So, what’s Alabama’s plan for avoiding having to draw a second majority-Black congressional district?
With its new Supreme Court filing, we got a big, if unsurprising, hint that boils down to one word: Kavanaugh.
The state’s lawyers name-checked Justice Brett Kavanaugh 10 times in the emergency application, in which they’re trying to get the high court to halt a lower court’s order against the defiant state’s new voting map.

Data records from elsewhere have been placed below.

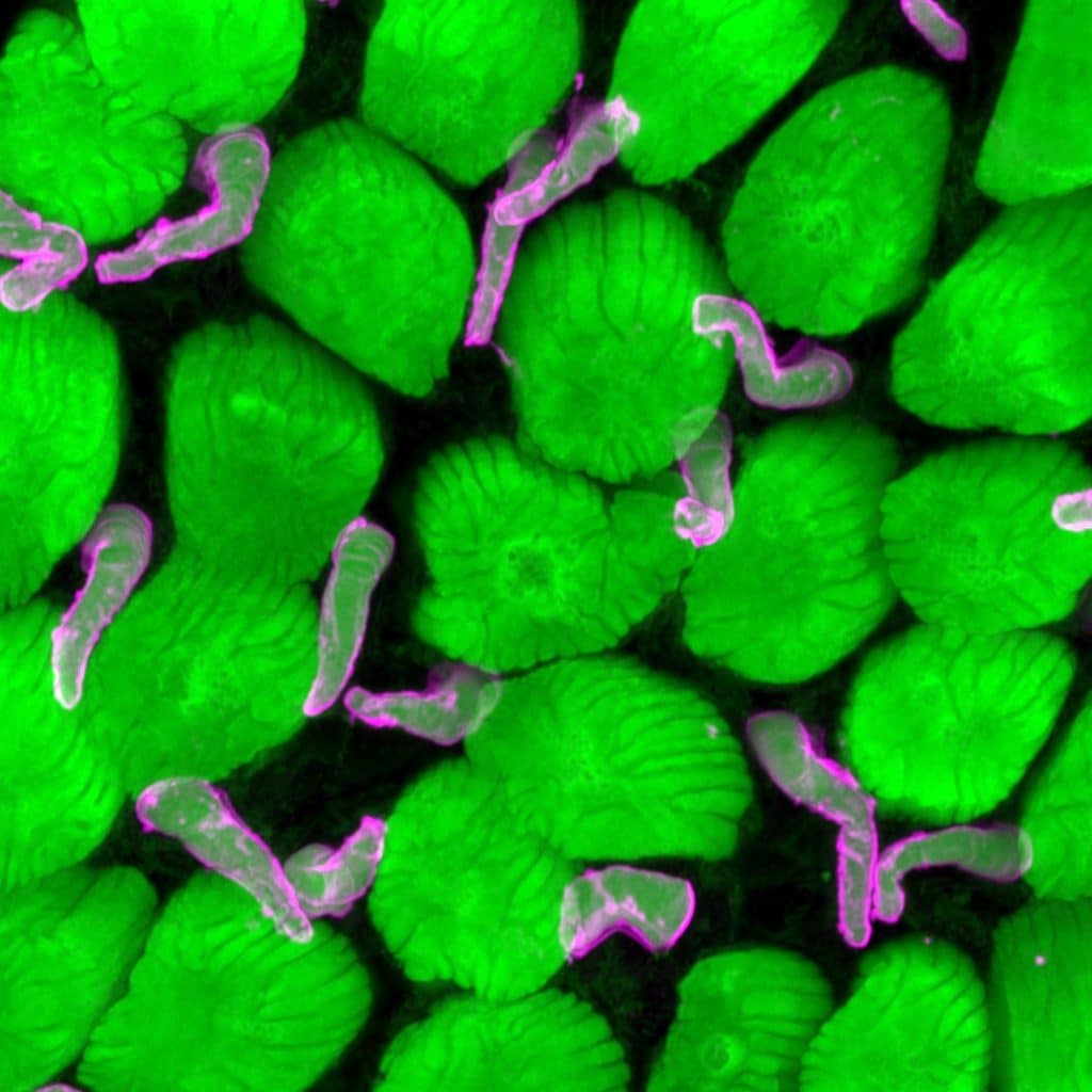 Our featured image, acquired by Brittany Carr, shows the rod and cone photoreceptor outer segments from a tadpole retina. Photoreceptor outer segments are responsible for capturing photons of light and transducing them into chemical signals. Frog rods are large, so this image also shows the incisures, which are invaginations into the outer segment that gives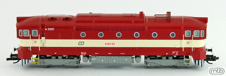 Popis   dieselová lokomotiva vínově červená s krémovým pásem, šedé podvozky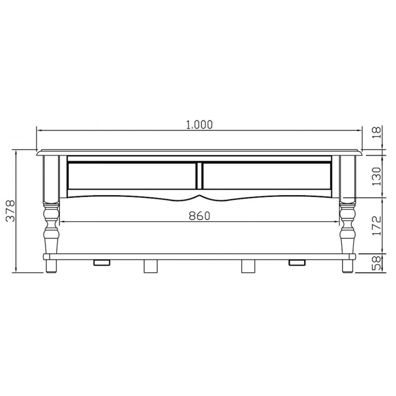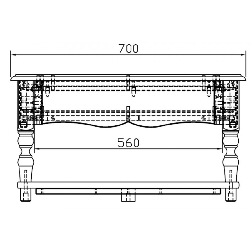 - Niche, entre les pieds : Longueur 86 cm x Hauteur 17.2 cm x Profondeur 56 cm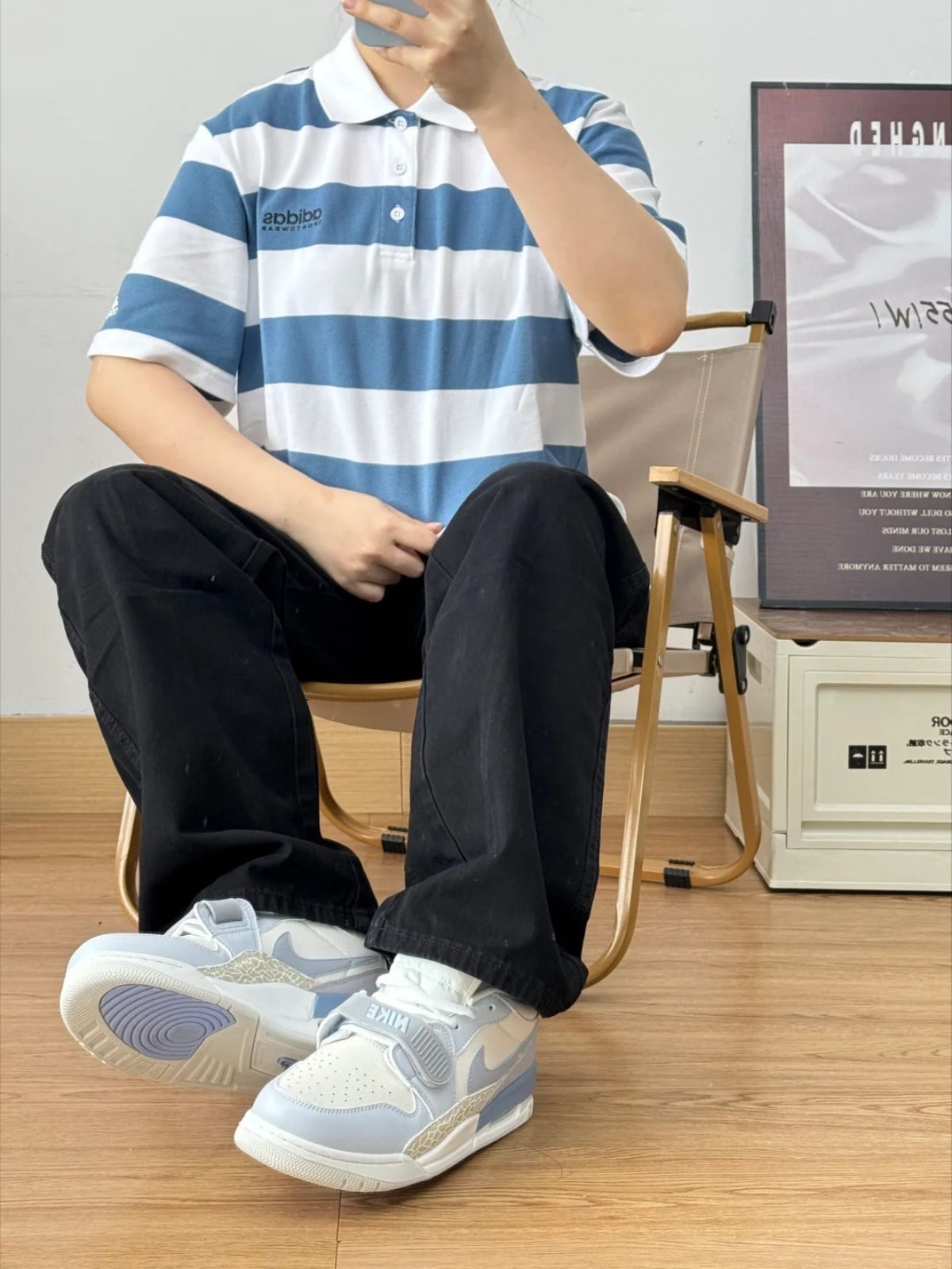 日常通勤这样穿真的好好看耶 这个条纹体恤搭配休闲裤 裤子的版型还挺正的直筒 不管是上班或者周末出去玩搭配都不错

Last week, a three-judge district court panel said it was “disturbed” by Alabama’s behavior after its surprise 5-4 loss at the Supreme Court in June in Allen v. Milligan. The judges — two of whom were appointed by President Donald Trump — noted they weren’t aware “of any other case in which a state Legislature — faced with a federal court order declaring that its electoral plan unlawfully dilutes minority votes and requiring a plan that provides an additional opportunity district — responded with a plan that the state concedes does not provide that district.”
But Alabama is all in, taking the fight back to the high court and taking umbrage at the district court’s umbrage.
And that’s where Kavanaugh comes in — the state hopes. Though the Trump appointee joined the majority in upholding the Voting Rights Act in June, he wrote a separate concurrence that said, among other things, “the authority to conduct race-based redistricting cannot extend indefinitely into the future.” Alabama’s emergency application quotes part of that line three times.
Alabama wants a stay by Oct. 1, and the voting rights plaintiffs will first get to weigh in with their own filing by Sept. 19, so look for the court to rule later this month.